Comparison of retinal images from different AO imaging systems. Shown is a comparison of the same patch of retina from subject V-2 (Family B) imaged nearly 2 years apart on the AOSLO (a, d) and the AO flood-illuminated camera (b, e). (c, f) Cone coordinates obtained from an automated cone identification algorithm, where crosses are cone centers from the AOSLO image, and open circles are cone centers from the AO flood-illuminated system.
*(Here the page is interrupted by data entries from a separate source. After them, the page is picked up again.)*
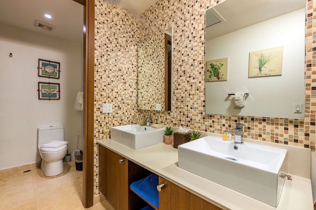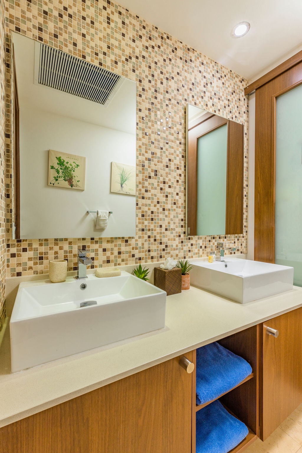 • Each bathroom has their own white towels and blue beach towels in the vanity.
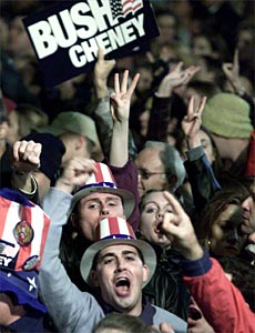 08 de novembro de 2000 - Partidários de George W. Bush se manifestam durante as eleições dos EUA
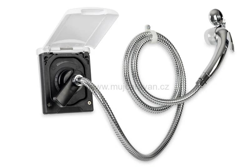 Vodní zásuvka včetně sprchy + háčku. S integrovaným směšovačem pro teplou a studenou vodu. Teplota vody je nastavitelná otáčením regulátoru teploty.
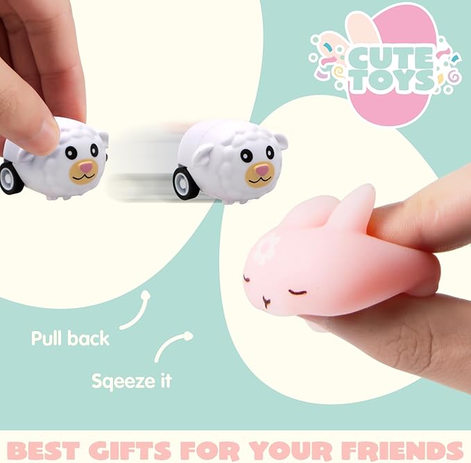 - SUPER VALUE PACK. Each egg is prefilled one toy and one easter sticker; Valuable and Durable 200 Pieces Toy Prefilled Premium Easter Eggs includes 200 toys with 27 Unique Types such as Mochi squishy toy, Easter Bracelets, Pull Back cars, Easter plastic big ring, Animal eraser, and Dinosaur, etc.
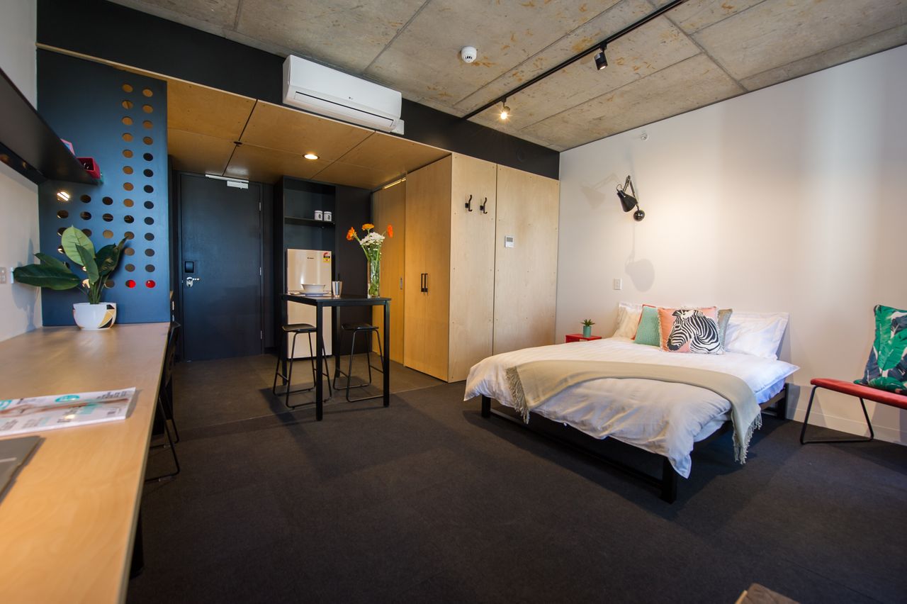 This 28sqm studio features a king single bed, generous study desk, study lamp, wardrobe, shelving and a reverse cycle air-conditioner. An overhead lamp above the bed just adds another level of comfort for some light reading or catching up on your favourite novel.
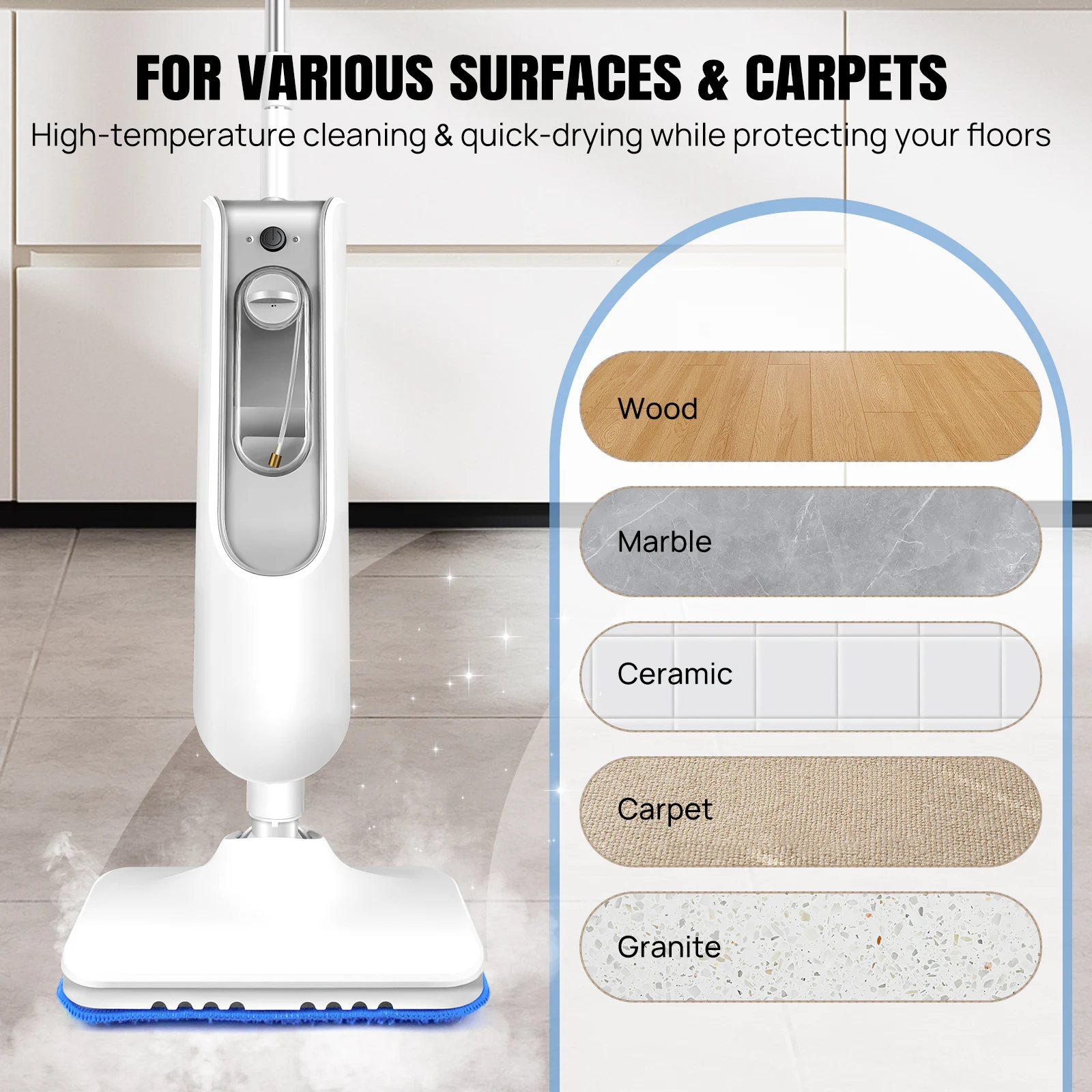 ⭐【Powerful Electric Cleaner】: 100℃ high-temperature steam is generated in just 20 seconds! Our 1500W steam mop provides natural deep cleaning for dust, mucus, and stubborn stains without any chemical residue.
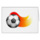 Een kleurrijke illustratie van een voetbal dat door de lucht vliegt met een spoor van hitte of vuur dat in zijn kielzog achterblijft. Afbeelding beschikbaar op diverse giften en producten.

Red circles indicate positions where no cone was visible in either image, yellow circles indicate positions where a cone was visible in both images, blue circles indicate positions where a cone was visible on the AOSLO image, but not the AO flood-illuminated image, and green circles indicate positions where a cone was visible on the AO flood-illuminated image, but not the AOSLO image. Images a & b are from about 0.5 degree temporal from fixation, while d & e are from about 1.0 degree temporal from fixation.